Oct 14, 2007

Salman Rushdie speaks about ‘Role of the Writer’

Acclaimed and controversial novelist spoke about the “Role of the Writer” Friday night to a packed house in the Memorial Practice Gymnasium.

Rushdie, recently knighted by the for his service to literature, concluded a writer’s role was to inform, provide pleasure, impart truth, illuminate foreign ideas or places, celebrate the unexpected, inspire dreams and deal with international issues on the human scale.

“However unimportant literature may seem, in the end it is literature that writes the history of our lives,” Rushdie said.

The humorous speech recounted his personal experiences, among them the much publicized Fatwa from the Ayatollah Khomeini that forced him to go into hiding in the late 1980s, and discussed the many roles and obligations that writers have in society.
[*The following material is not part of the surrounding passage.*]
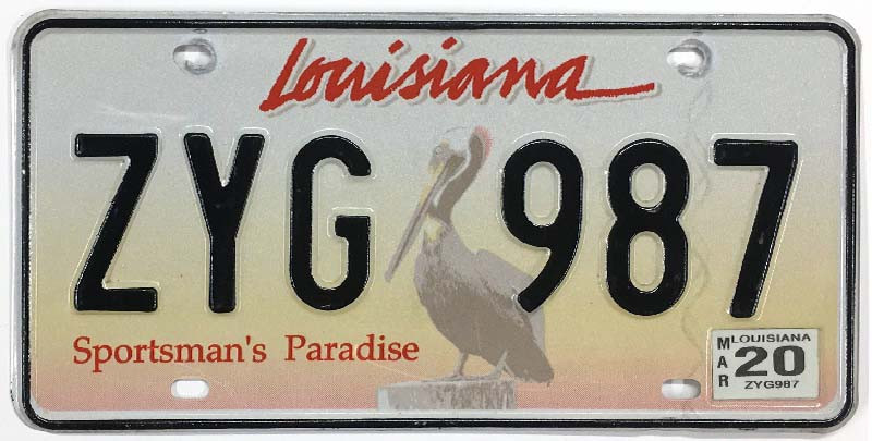 Click the button below to add the Louisiana 2020 "Brown Pelican" License Plate - ZYG987 to your wish list.

Rushdie implored writers to bring truth to their readers even in fiction and even if it leads them to become targets for people in power who may disagree.

“Don’t stay in the safe middle ground,” Rushdie said. “There are interest groups in the world who do not wish us to increase the size of the universe.”

Rushdie also discussed the difficulty novelists face writing in the current age of contention because character does not always determine destiny.

“It becomes more important than ever for art to become that space where human intimacy is preserved,” Rushdie said. “The writer’s role is not to answer the questions of the world but to frame the issues in interesting ways.”